- **PROBLEM TO WORK ON**: Repeat exactly the lines below that lie between the line with "眼球突出是指眼球前后径,也就" and the line with "一汽-大众官网显示,自7月1", counting both of those lines as part of the answer.

- **INFORMATION**:
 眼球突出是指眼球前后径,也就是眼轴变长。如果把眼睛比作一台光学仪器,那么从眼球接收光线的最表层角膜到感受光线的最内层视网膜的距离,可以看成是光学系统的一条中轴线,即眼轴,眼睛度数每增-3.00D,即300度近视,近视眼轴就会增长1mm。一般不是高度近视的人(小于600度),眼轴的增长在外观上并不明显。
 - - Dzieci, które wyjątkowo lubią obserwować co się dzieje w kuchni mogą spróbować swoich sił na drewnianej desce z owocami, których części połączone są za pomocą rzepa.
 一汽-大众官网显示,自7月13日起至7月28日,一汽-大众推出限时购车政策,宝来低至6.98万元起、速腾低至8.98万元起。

--

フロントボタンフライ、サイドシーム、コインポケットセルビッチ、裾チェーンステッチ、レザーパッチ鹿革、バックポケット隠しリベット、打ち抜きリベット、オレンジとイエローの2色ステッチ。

- **SOLUTION FOR THIS PROBLEM**:
 眼球突出是指眼球前后径,也就是眼轴变长。如果把眼睛比作一台光学仪器,那么从眼球接收光线的最表层角膜到感受光线的最内层视网膜的距离,可以看成是光学系统的一条中轴线,即眼轴,眼睛度数每增-3.00D,即300度近视,近视眼轴就会增长1mm。一般不是高度近视的人(小于600度),眼轴的增长在外观上并不明显。
 - - Dzieci, które wyjątkowo lubią obserwować co się dzieje w kuchni mogą spróbować swoich sił na drewnianej desce z owocami, których części połączone są za pomocą rzepa.
 一汽-大众官网显示,自7月13日起至7月28日,一汽-大众推出限时购车政策,宝来低至6.98万元起、速腾低至8.98万元起。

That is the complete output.